She attributes her interest in art and her incredible artistic talent to her adoring grandmother who kept her well supplied with paints, markers, and pens as a child. Brigitte said her grandmother gave her the most important thing an artist can ever receive: Encouragement.
“She would frame everything I produced on that kitchen table and would then write ‘masterpiece’ at the top of each one. Looking back now, I know that inspired me to improve my craft and to always try to do better, whatever it might be that I’m working on. And that’s something I’ve carried into my adult life.”
David Gustafson Photography
April 2, 2021 – May 2, 2021
About the artist:
Photographer David Gustafson is a retired teacher and coach, having moved to Yuma, Colorado, in 1975. To promote and support kids, he began photographing countless athletes and sharing his photos with the families and the local newspaper. He continues his photography of area athletes and has expanded his interests to landscape and astrophotography. He has taken several clinics with well-known professionals such as John Fielder, Glen Randall and Mike Berenson, to learn and improve his skills as a photographer. He continues to read, investigate, and experiment with his camera. He believes he can always learn and improve his skills.

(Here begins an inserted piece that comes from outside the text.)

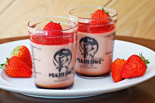 フランス・ブルターニュ産の無添加ストロベリーソースをふんだんに使っています。クリームチーズプリンをベースにストロベリーピューレとフランボワーズブリゼを混ぜ合わせたものを使用しました。濃厚なクリームチーズに甘酸っぱいソースの組み合わせはまるでムースケーキを食べているような感覚です。

This presentation is a collection of his photos that he has taken over the years. The frames are the fantastic work of Yuma’s Simply Frames and Such, located on Main Street in Yuma. We hope you enjoy the photography presented here.

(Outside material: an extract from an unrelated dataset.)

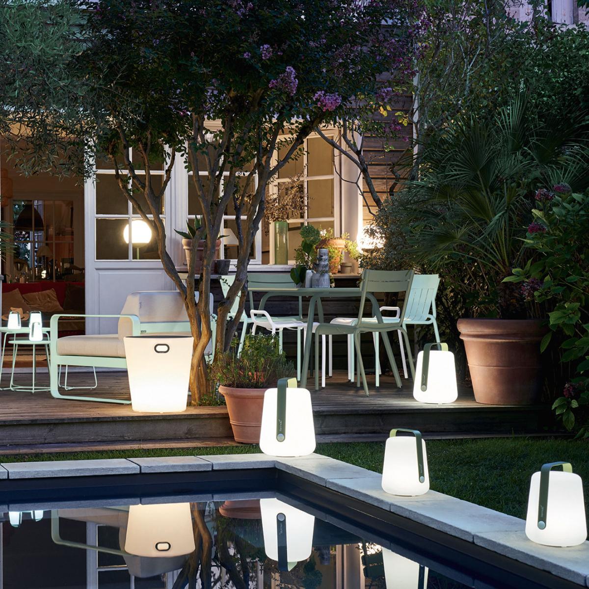 Fermob is making a remarkable entrance into the outdoor lighting world with its Balad lamp designed by Tristan Lohner. Joyous and colourful, this cordless lamp appeals both due to its modern look and its modest price. Suitable for outdoor use, it’s a real mobile product you can move around as you like, from the house to the garden, or the beach to the campsite. It can become a small ambient light in your living room or entrance, and is ideal as a night light in a child’s bedroom (it doesn’t heat up). In your garden or on your terrace, it’s perfect to create a wonderful ambient light during your meals and evenings outdoors. With a metal handle, it's easy to carry or hang (on a hook or tree branch, etc.). This cordless lamp can be recharged via a standard USB cable (included). It offers up to 14 hours’ battery life. The pressure button located on the handle not only lets you choose the intensity of the light but also its temperature (warm or cold light). These two temperatures create two different lighting moods: the "warm white’" lighting (yellow hue) is very warm, while the "cold white" lighting (blue hue) shows the surrounding colours with greater precision. This lamp is equipped with a Dim'up function: it gradually lights up so as not to dazzle the user. 3 lighting options by pressing the button: -1 press = 100% cold white light - 2 presses: 100% warm white light - 3 presses: 50% warm white light - 4 presses = OFF - Long press = OFF

POP-UP SHOW – Saturday, February 6, 2021 &
Sunday, February 7, 2021
Join our FRENCH REVOLUTION weekend mon amie. Come see our 1965 Simca 1000, 1967 Citroën Ami 6 (recent addition to the Orphanage permanent collection), and the 1961 Renault Dauphine on loan from the Forney Museum, Denver.
Saturday, February 6, 10-4 & Sunday, February 7, 1-4. French music, French flags, and the largest collection of French cars in Yuma County.

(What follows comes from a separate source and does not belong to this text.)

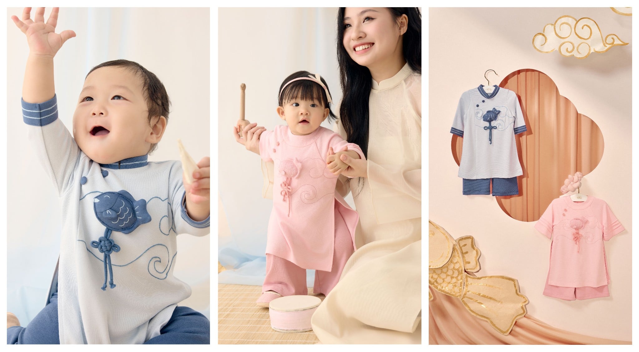 Tết bắt đầu từ câu chuyện dân gian ba mẹ hay kể, rằng cuối năm, cá chép sẽ theo ông Táo về trời, mang theo ước nguyện về một khởi đầu an lành trong năm mới. Cá chép về trời, mời xuân tới bằng những gam màu pastel dịu nhẹ. Họa tiết mây vờn sóng lượn được lấy cảm hứng từ tranh Hàng Trống, cùng charm cá nhồi bông như lời chúc bé hay ăn chóng lớn và thật mạnh khỏe.

Masks and distancing required, Berets not required, but ooh-la-la…
Liberté † Égalité † Fraternité
American Art Pottery Exhibit:
January 30, 2021 – March 7, 2021
Beginning Saturday 30 January 2021, the Orphanage will open an exhibit of American art pottery from two local collections. Represented are two Colorado potteries, Van Briggle Pottery Company & Coors Porcelain Company.
Other American potteries on display are Shawnee Pottery, RumRill Pottery Company, Weller Pottery, Roseville Pottery, The Trenton Potteries Company, California potteries and a few others.
The exhibit runs from 1/30-3/7. Hours are Tue-Sat, 10-4, Sun, 1-4, closed Mondays. Mask and distancing required.
Last show of 2020:
Abstract + FORM Will Be Extended to November 29th
Abstract and Form
Denver Artists Exhibit at The Orphanage
October 10 through November 15
Two Denver artists will exhibit their works at The Orphanage in October and November. The name of the show is Abstract and Form and will display the abstract, multimedia paintings of Kathleen Umemoto and the prints, collages, drawings, and paintings of Richard Farley.
Kathleen Umemoto began her journey in art as a potter, learning from a master the craft of throwing, glazing, and firing useful objects “…whose intimate beauty is based on simplicity, proportion, and the careful details of lip, foot, and handle,” says Umemoto. She learned, then taught this kind of clarity in pottery. She moved from the craft of pottery to the art of clay objects, “still infused with the feeling of craft but with the depth of something that transcends the object.” From clay she has extended her art to painting, still carrying the sensitivity of material.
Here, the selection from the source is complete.